Checking The rating distribution for our data we see there is quite a lot of books with rating zero, so no rating at all.
But mostly books are rated 4 or 5 stars, probably because poeple like to add to their lists books they liked and not books they disliked

In [None]:
df['rating'].value_counts(sort=False).plot.bar()

Lets have a look at what our highest rated books are all-round

In [None]:
# quick check to see what are our highest rated books
mean_rating = df.pivot_table(index=['book'],values=['rating'],aggfunc=(len,np.mean)).reset_index()
mean_rating.columns = ['_'.join(col).strip() for col in mean_rating.columns.values]

# most books have been rated few times, to see the most popular books we will drop everything will less than 10 ratings
mean_rating['rating_len'].value_counts()
mean_rating = mean_rating.loc[mean_rating.rating_len > 10]
mean_rating['rating_len'].value_counts()

# below the 5 highest rates books in our data set
mean_rating.sort_values(by='rating_mean', ascending=False)[0:5]

Above list shows the rating mean, but these books probably also have less ratings than other books, so its not a accurate depiction of the most liked books.

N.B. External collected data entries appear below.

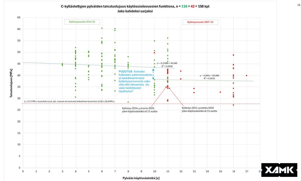 Kuva 4. Testattujen C-kyllästettyjen pylväiden taivutuslujuudet käyttöiän funktiona. Ryhmät on jaettu kyllästysajanjakson mukaan (2007–2013 ja 2014–22).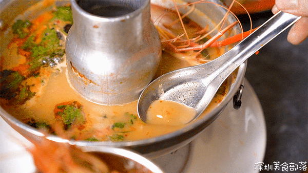 每天新鲜熬制的汤底,罗氏虾、菌菇、贝类等食材作为辅佐,最后淋上自制辣虾油,浓郁的酸香气让我不由自主的咽下口水,真想快点喝上一口~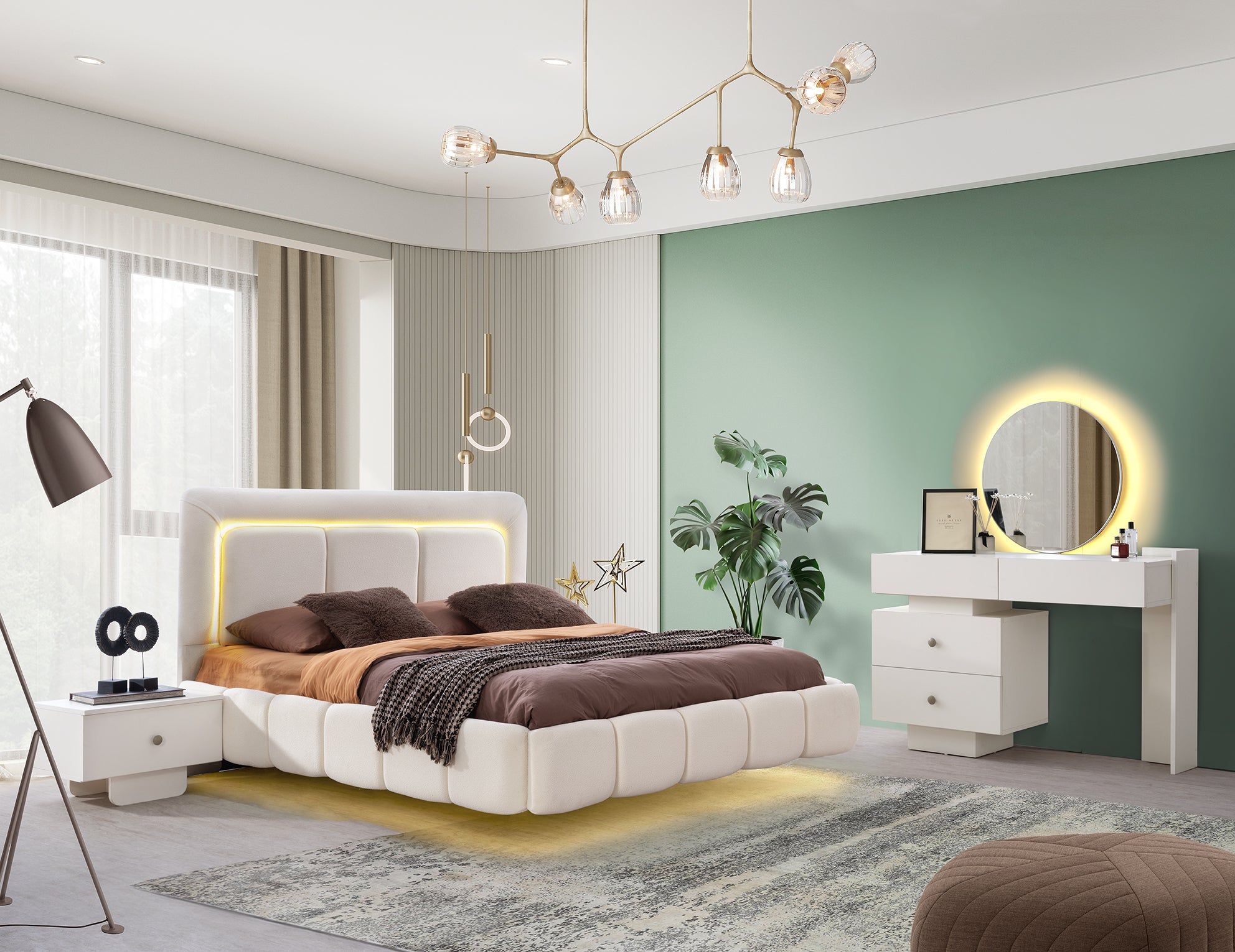 Акценти: Тапицирана табла с LED осветление, Огледала с арки на гардероба, Гланцови/Светли покрития.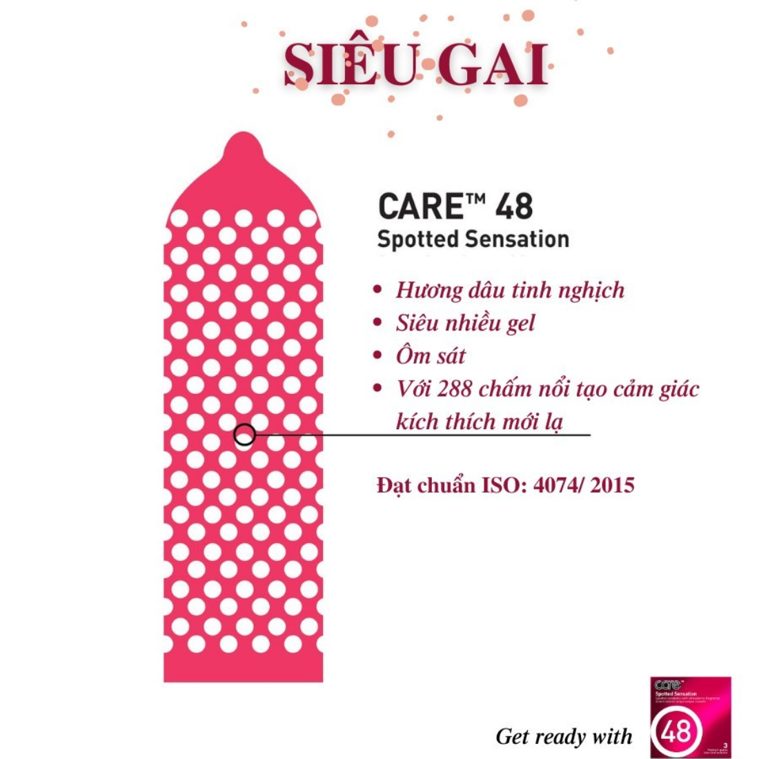 - 1 chiếc bao cao su có gai CARE 48 - bcs gai hương dâu, hạn sử dụng 04/2028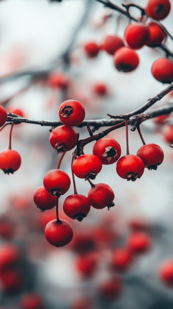 Red berries hanging on a branch. Selective focus and shallow depth of field.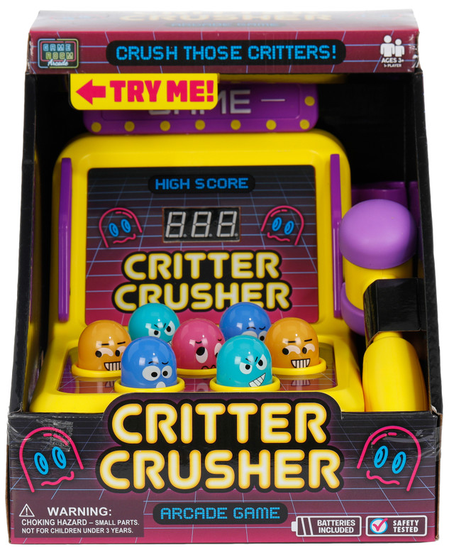Bring arcade style fun home with this Kids Game Room Arcade Critter Crusher Toy. A fast paced critter bopping game that lights up, makes sounds, and speeds up as you play. Kids can chase high scores by tapping the critters with the included mallet, making it a great choice for solo play or group fun. Requires 2 AA batteries (included). For 1 or more players. Recommended for ages 3 years and up.
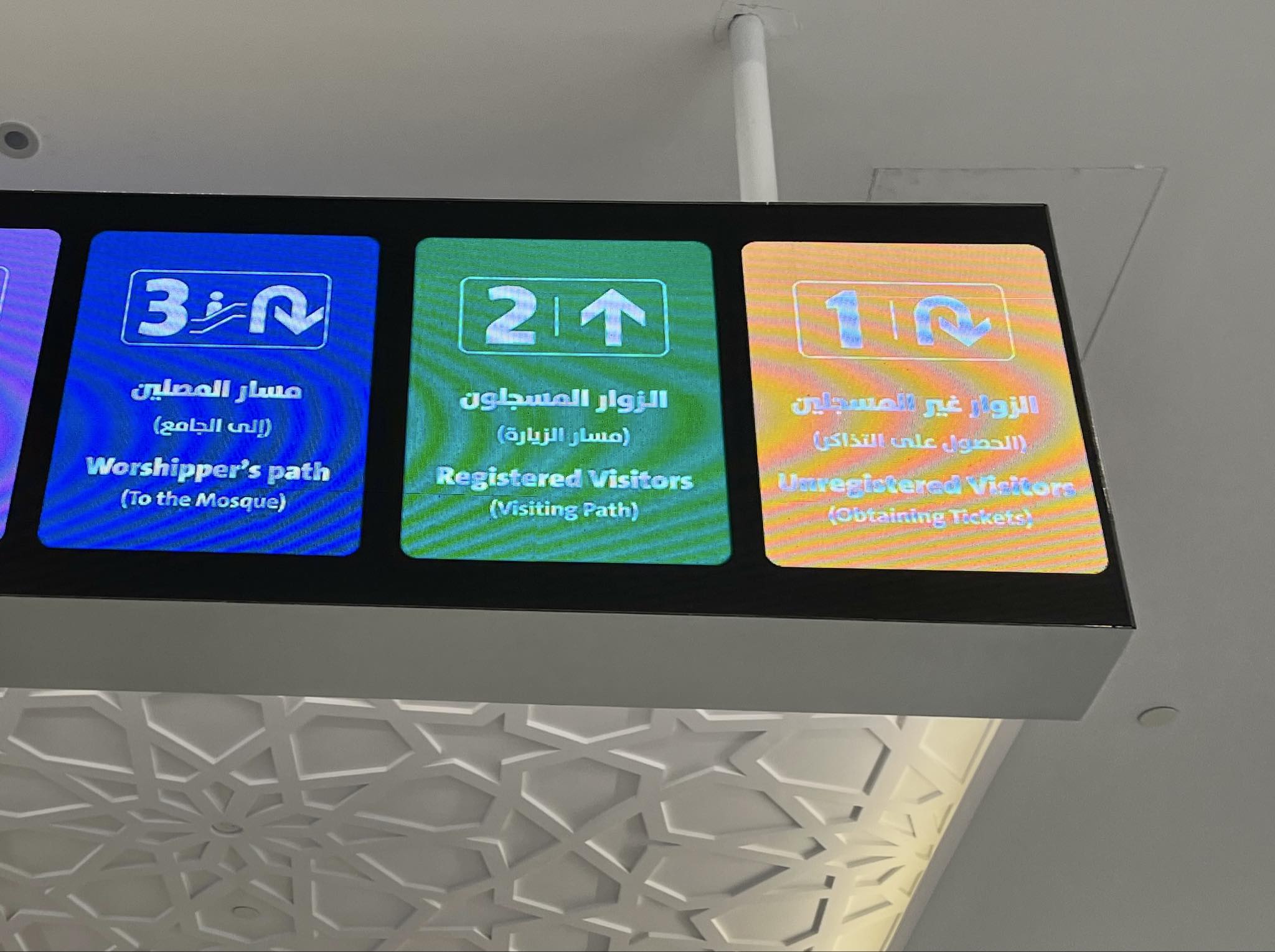 予め予約したQRコードを持っている方は、そのまま案内表示に従いモスク入場口のある、Registerd Visitorsと書かれた番号「2」へ進みます。
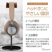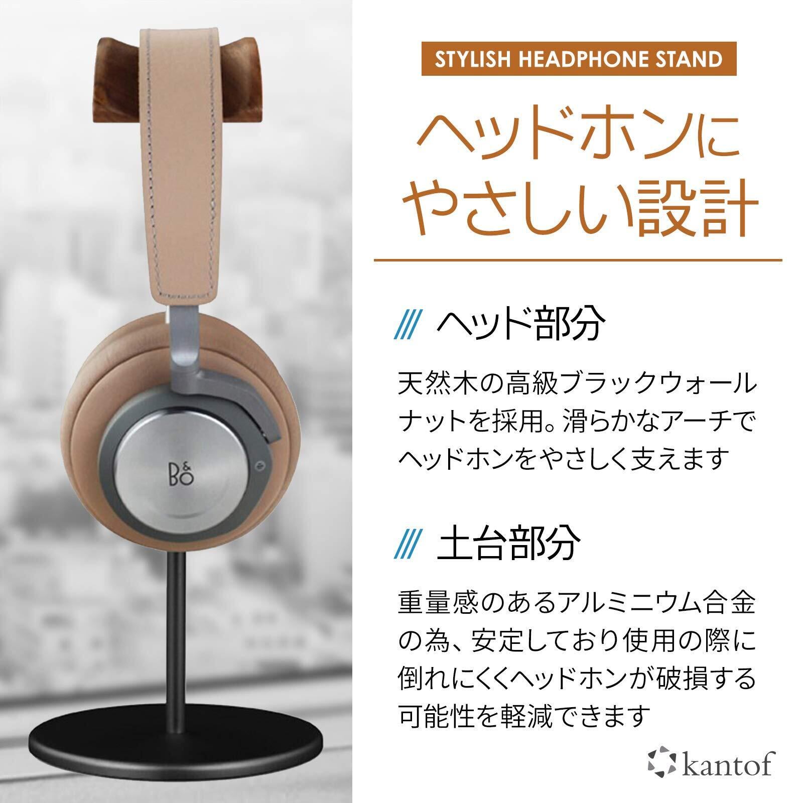 kantof(カントフ) ヘッドホンスタンド 天然木 高級ブラックウォールナット+アルミニウム合金仕様 ヘッドホン スタンド 上品な ヘッドホンハンガー テレワーク ゲーミング インテリア (ブラック)

Since we want the information of the books people have enjoyed reading, we will remove all lines with less than 4 stars

In [None]:
# only keeping books with scores of 4 or 5 stars, as we want the books that are recommended
high_rated = df.loc[df.rating > 3]

# Now we have a total of 40,163 lines of data
print(high_rated.shape)

# 1674 different users
print(len(high_rated['userid'].unique()))

# with a mean of 23 books per user
print(high_rated['userid'].value_counts().mean())

# and a total of 21,369 different books
print(len(high_rated['book'].unique()))

Now we can check, out of all the books that are rated 4 or 5 stars, which ones have been rated 4 or 5 the most

In [None]:
#high_rated.groupby('book')['rating'].count()

most_rated = high_rated.pivot_table(index=['book'],values=['rating'],aggfunc=(len,np.mean)).reset_index()
most_rated.columns = ['_'.join(col).strip() for col in most_rated.columns.values]
most_rated.sort_values(by='rating_len', ascending=False)[0:20]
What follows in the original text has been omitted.